Furthermore, Washington was a man of discipline and deliberation, who patterned himself, like many patriots of the Revolution, after the Roman statesman Cato, as depicted in Addison's eponymous play. Today, the neoclassical ideal of self-control that Cato embodies might seem unromantic and even cold-blooded compared with Jefferson's stormy wrestlings with his conscience. Even Vidal, who loves Washington, describes him as "slow." His genius, if he even had one, did not come in flashes.
But if Washington's reason ground slow like the proverbial mill of God, it ground exceedingly fine.
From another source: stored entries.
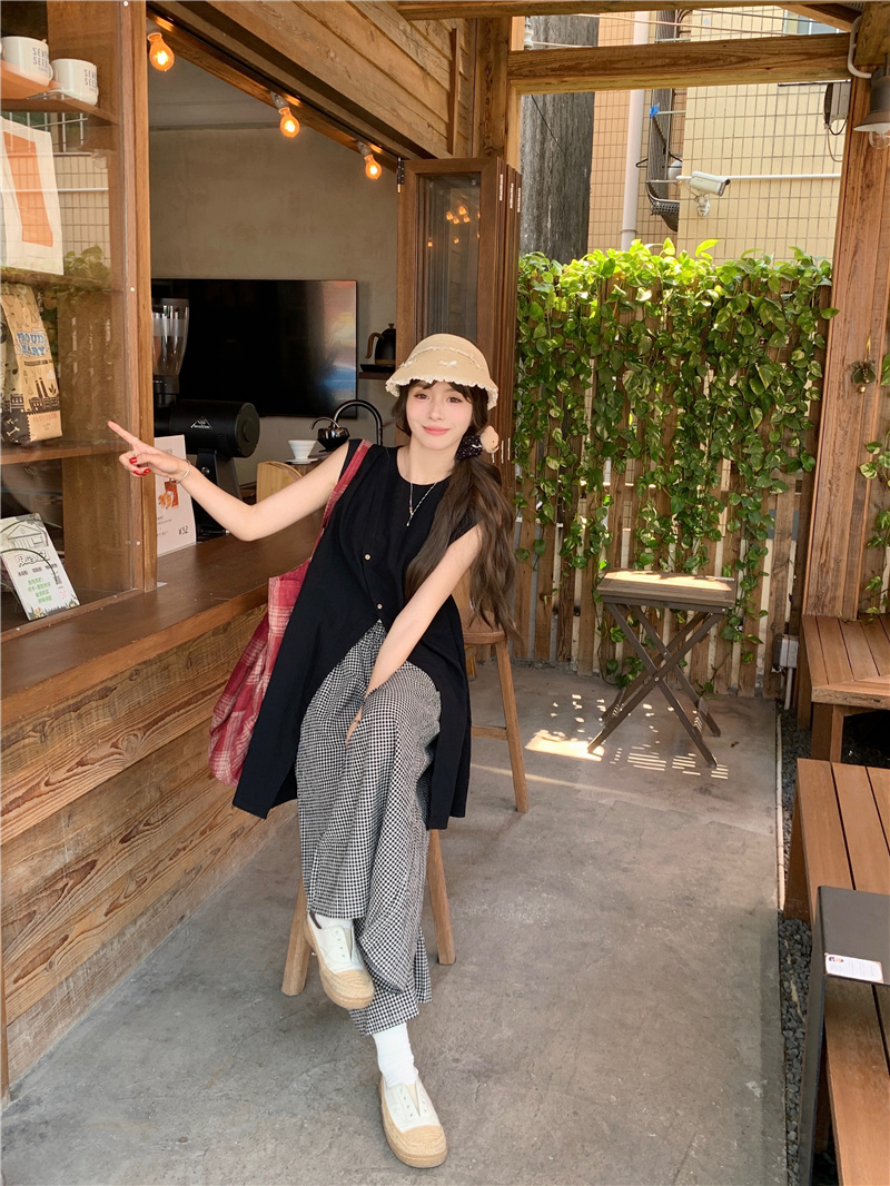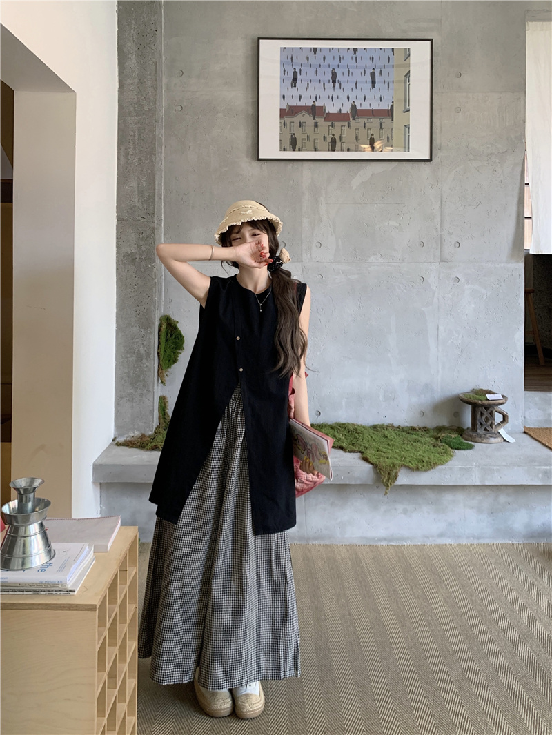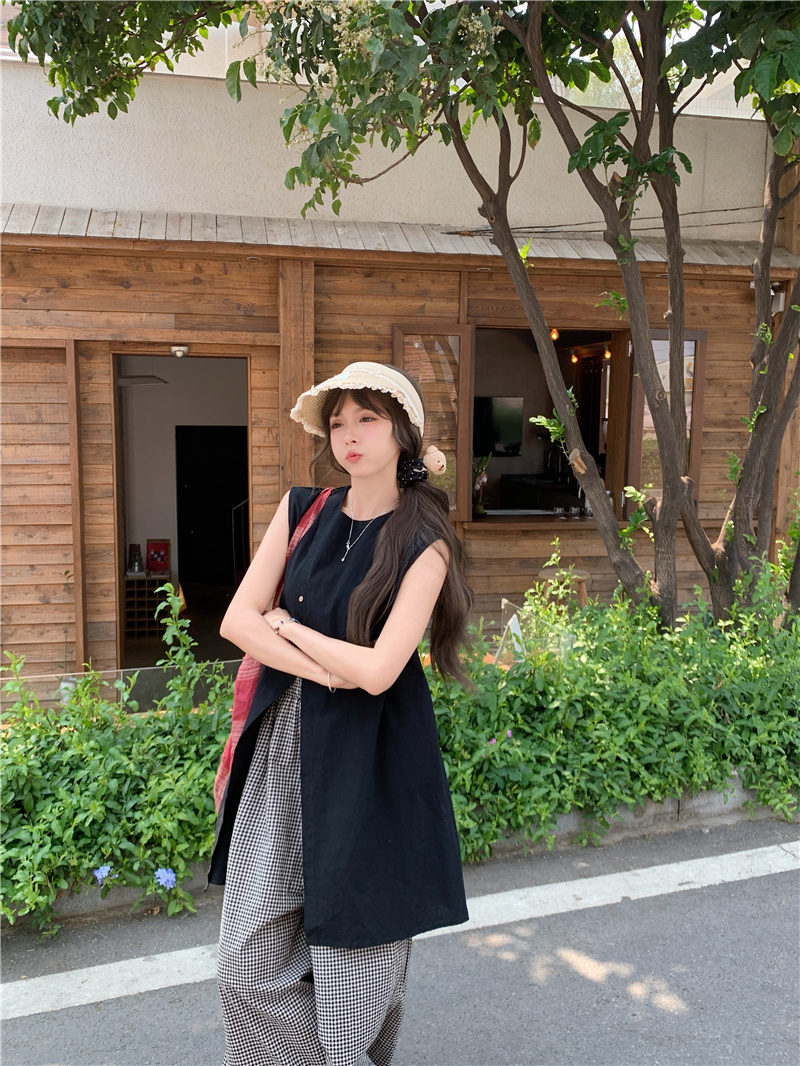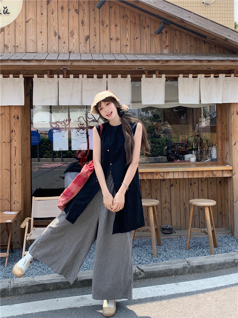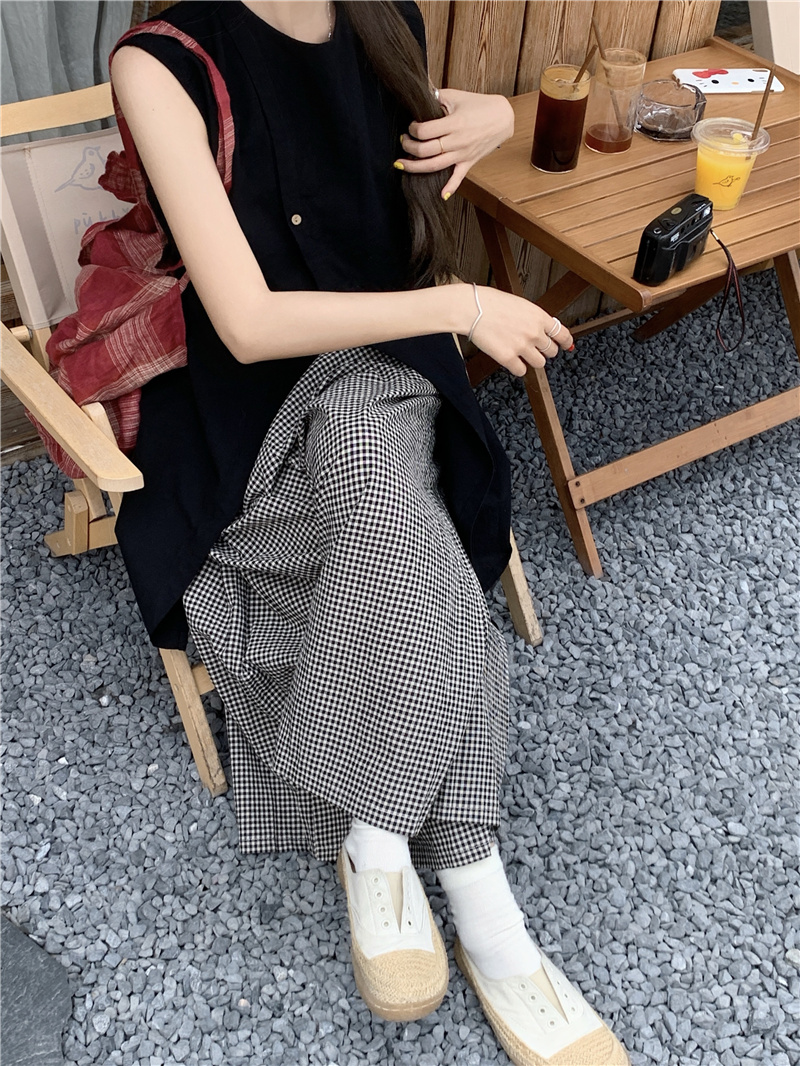 실사 다용도 루즈핏 슬림해 보이는 경 사진 밑단 트임 민소매 면 베스트 조끼 체크무늬 와이드 레그 팬츠
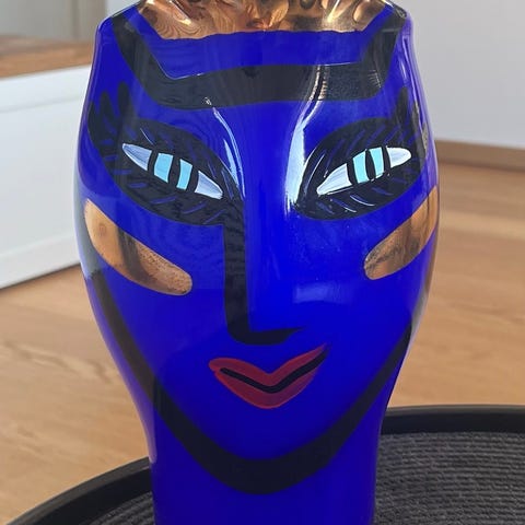 Vas i glas med svartvit dekor. Vasen har ett mönster med stiliserade ansikten och former runt hela kroppen. Passar som inredningsdetalj eller för snittblommor och grenar. Tillverkad i glas med tryckt eller målad dekor i svart mot en ljus bakgrund. 21 cm hög
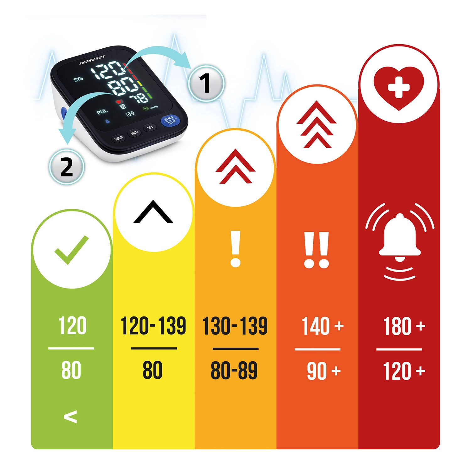 - Bezpieczne wyniki: wykrywanie nieregularnego tętna i kontrola prawidłowego założenia mankietu.
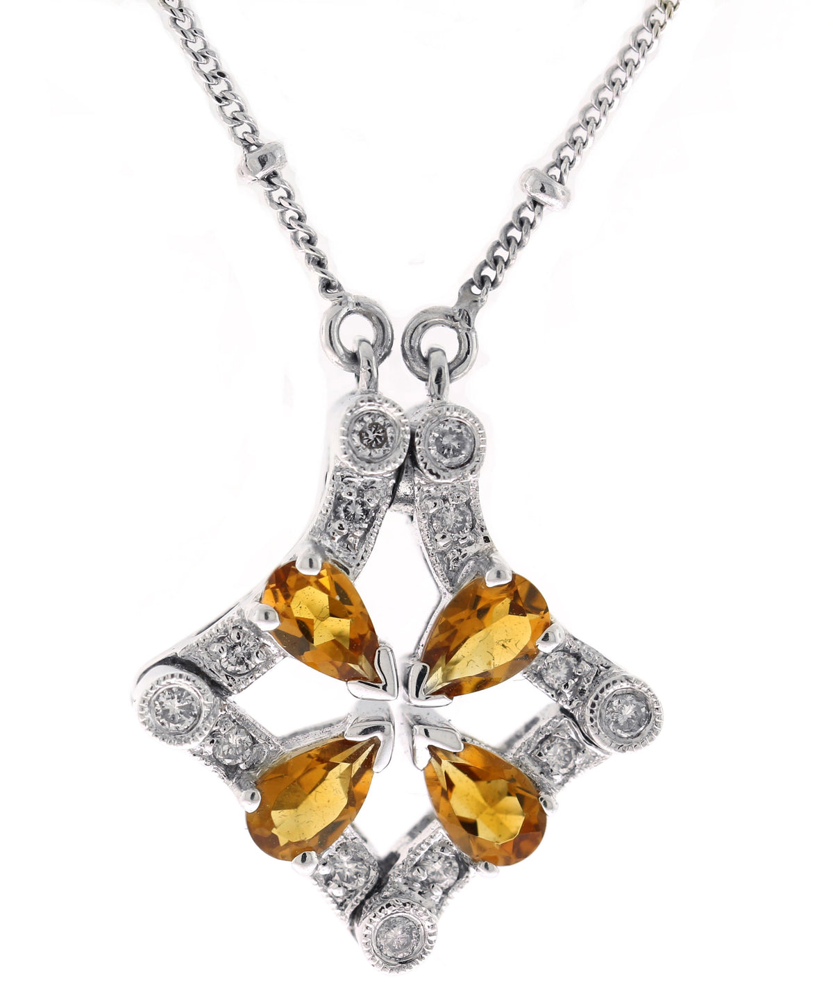 14kt white gold prong set pear shape citrine and micro pave set round brilliant diamond pendant, convertable to necklace citrine = 0.80ctw diamonds = 0.16ctw
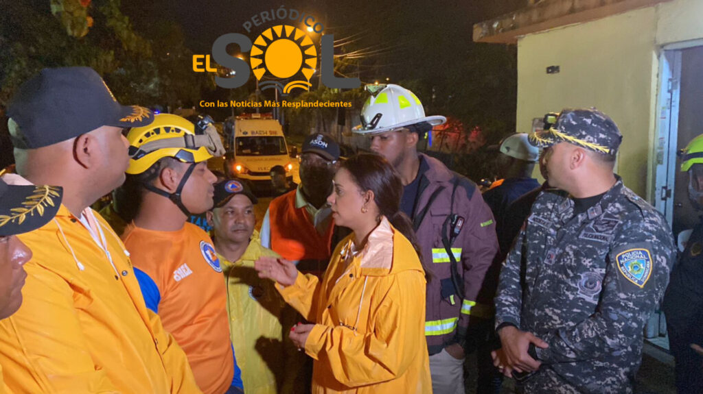 SANTO DOMINGO NORTE Jueves 05 De Junio 2025.- La alcaldesa del municipio Santo Domingo Norte, Betty Gerónimo, se trasladó personalmente al sector Villa de los Milagros, en la Avenida Jacobo Majluta, para supervisar de cerca las labores de búsqueda de una niña de cinco años que fue arrastrada por una cañada durante las lluvias de este jueves.
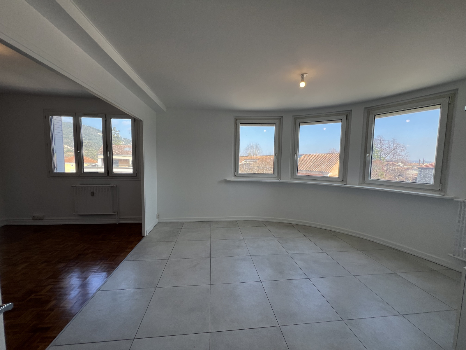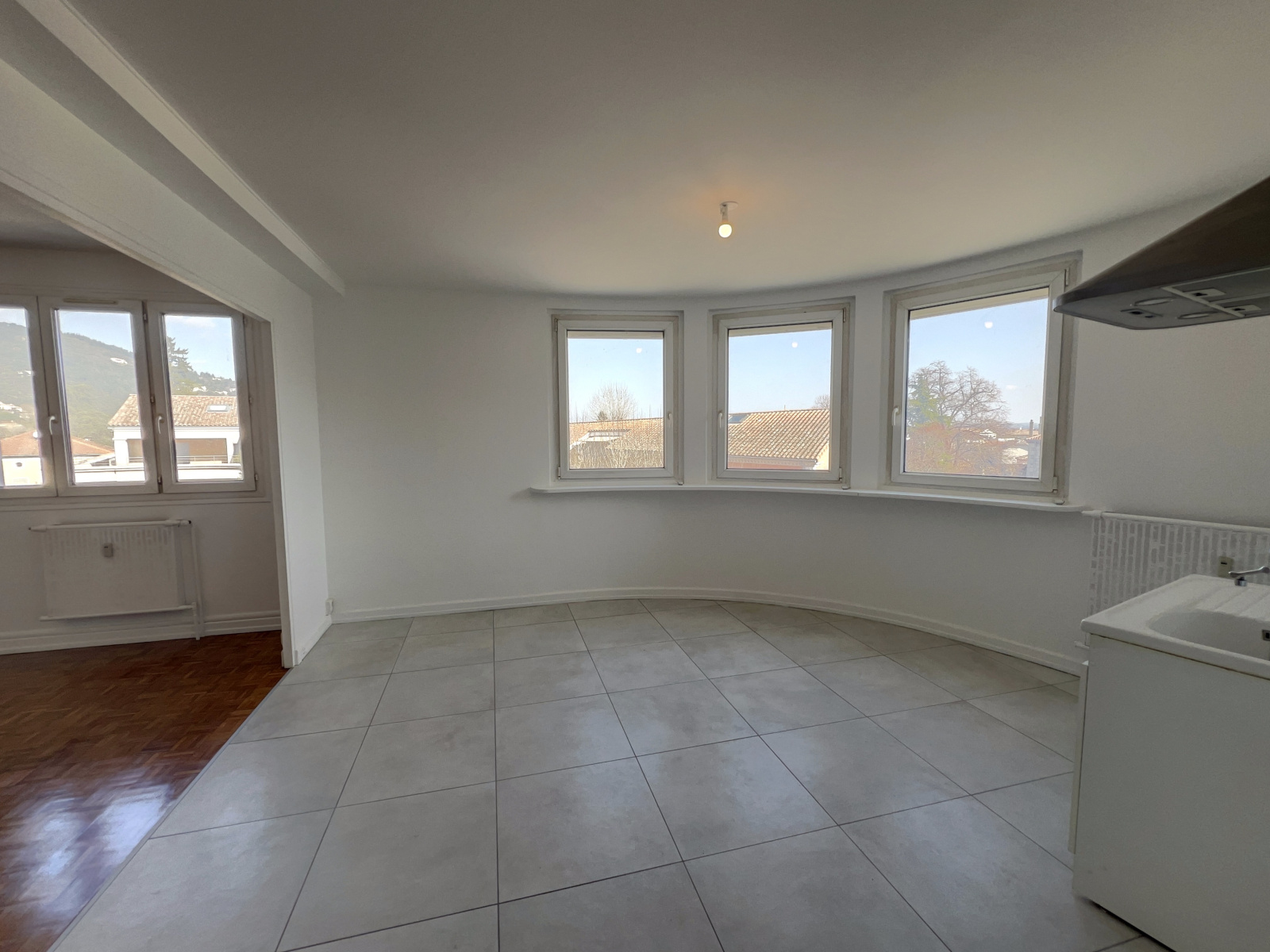 Grande pièce de vie avec cuisine ouverte de 29m² lumineuse grâce à de larges ouvertures.
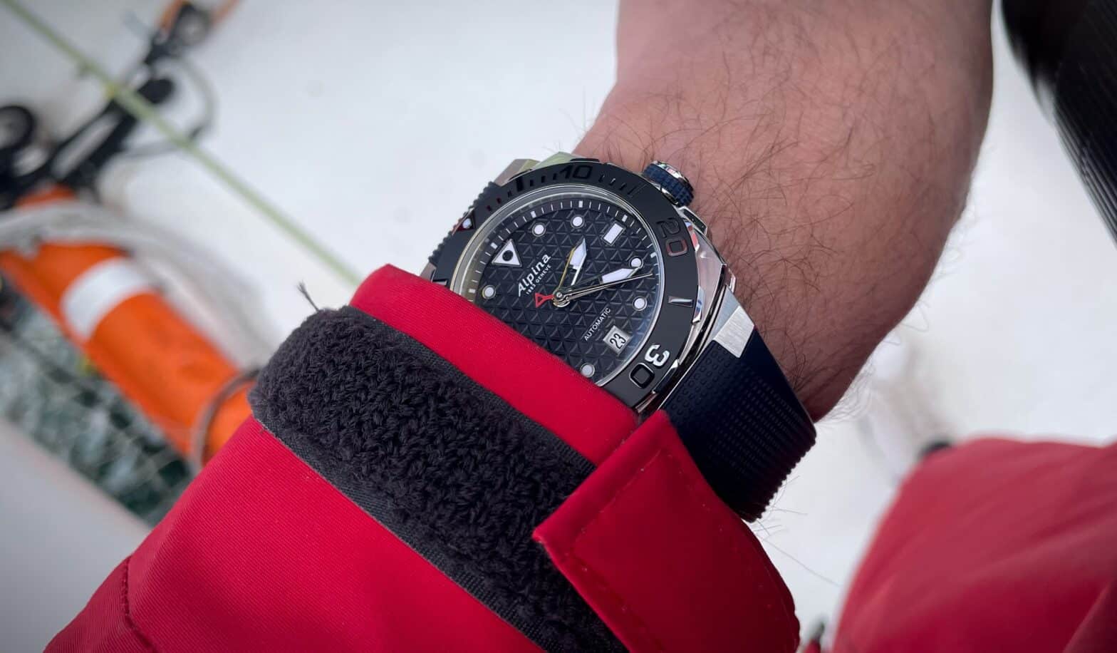 Alpina has indeed chosen to equip it with its iconic Extreme cushion-shaped casing. With its relatively contained dimensions (39 x 40.40 mm for 12.65 mm thick), this toolwatch can fit all wrists, from the strongest to the thinnest, both male and female. Aesthetically, the brand seems to have found the perfect compromise between elegance and sportiness: it’s not hard to imagine wearing this timepiece under a shirt or a suit… even though it’s with a skipper’s waterproof suit that we put it on our wrist.

Wiencek collects a series of experiences -- the lottery, an auction or two, the presence of Martha's half-sister among the slaves she brought to Mount Vernon -- and floats them as elements that contributed to Washington's change of heart and mind. It's also possible that the man thought long and hard about his beliefs and morality, all the principles for which he risked his life in leading the Revolution, and in the end determined that slavery could not be accommodated among them. It did not fit, it could not be made to fit, and so it would have to go. Consistency has been called the hobgoblin of small minds but in this case it was the spur of a great one.
It would take the rest of the nation another 50 years to realize that Washington was right, that slavery could not be made to fit into any version of the American dream. Then we spent another 100 years pretending it was no more than a transitory blemish on that dream, one that had been entirely wiped away. A new generation of historians is showing us that the evil was deep-rooted and not so easily removed. Sometimes the patience, thoroughness and long view of a master farmer is required for "the task of making improvements on the earth."